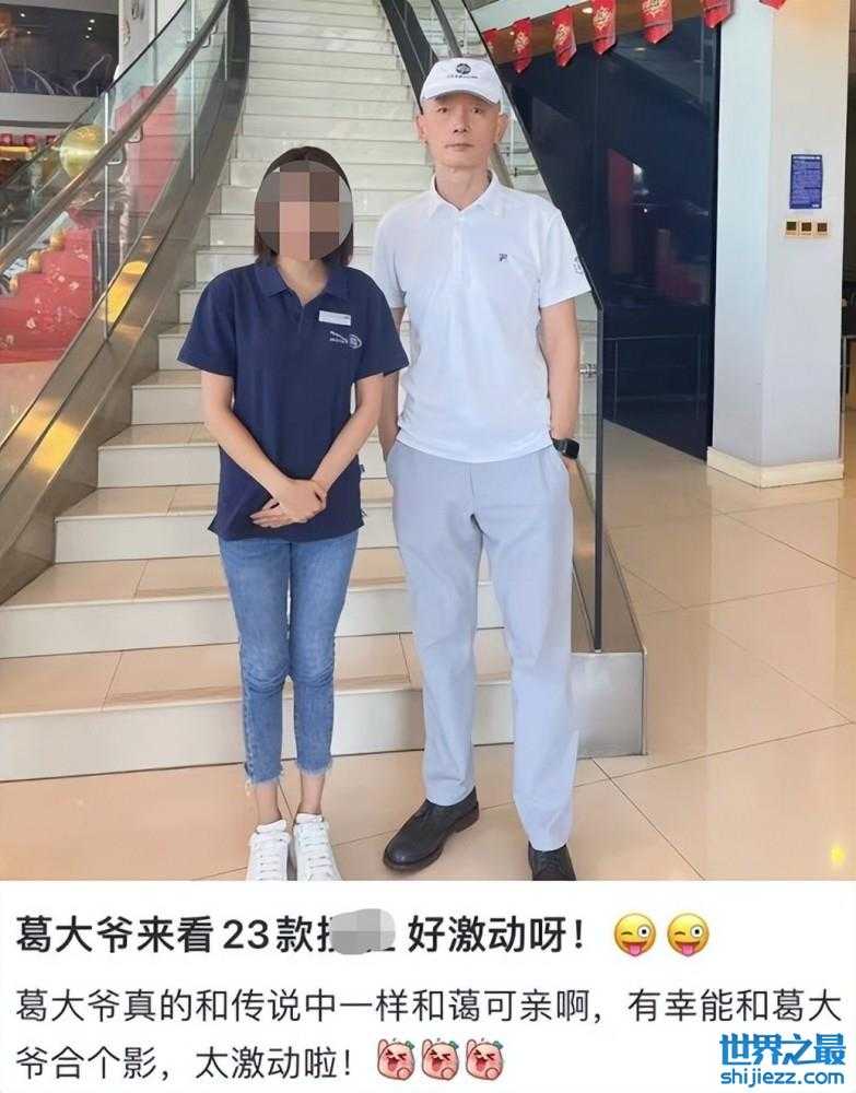 在爆料者文案中显示,葛优当天其实是来看车的,只不过刚好工作人员正是粉丝,所以葛优当天也非常耐心的在离开前和工作人员们合影留念。
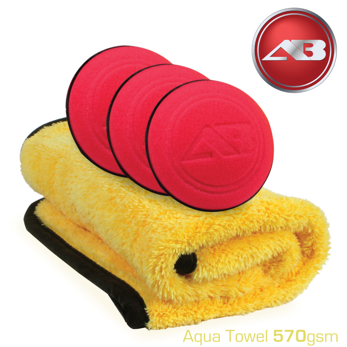 Plush Microfibre Drying Towel 570gsm 40s40cm 3 Wax Applicators Car Detailing
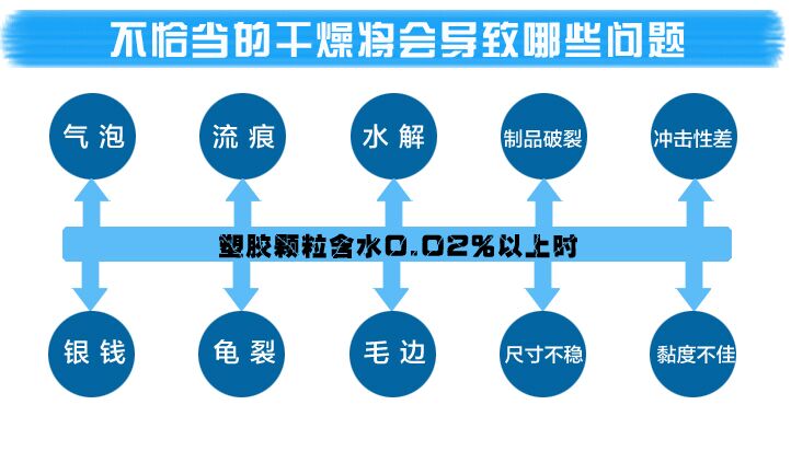 在塑料加工業(yè)中,塑料在粟脂狀時極易從空氣中吸收水分,也就是說,在貯藏和加工前所吸收的水分會嚴重影響最終成型產(chǎn)品的質(zhì)量,如尼龍、聚碳酸酯等等。即便是非吸水性的塑料對表面的濕氣污染也很敏感(水份集聚在塑料顆粒表面),所以在加工之前應(yīng)對塑膠進行適當?shù)某凉窀稍锾幚恚员WC產(chǎn)品得到最佳的成型效果。

YOUR ASSIGNMENT – Copy out the listing above exactly, and keep the pictures out of it.

WRITTEN ANSWER –
 在爆料者文案中显示,葛优当天其实是来看车的,只不过刚好工作人员正是粉丝,所以葛优当天也非常耐心的在离开前和工作人员们合影留念。
 Plush Microfibre Drying Towel 570gsm 40s40cm 3 Wax Applicators Car Detailing
 在塑料加工業(yè)中,塑料在粟脂狀時極易從空氣中吸收水分,也就是說,在貯藏和加工前所吸收的水分會嚴重影響最終成型產(chǎn)品的質(zhì)量,如尼龍、聚碳酸酯等等。即便是非吸水性的塑料對表面的濕氣污染也很敏感(水份集聚在塑料顆粒表面),所以在加工之前應(yīng)對塑膠進行適當?shù)某凉窀稍锾幚恚员WC產(chǎn)品得到最佳的成型效果。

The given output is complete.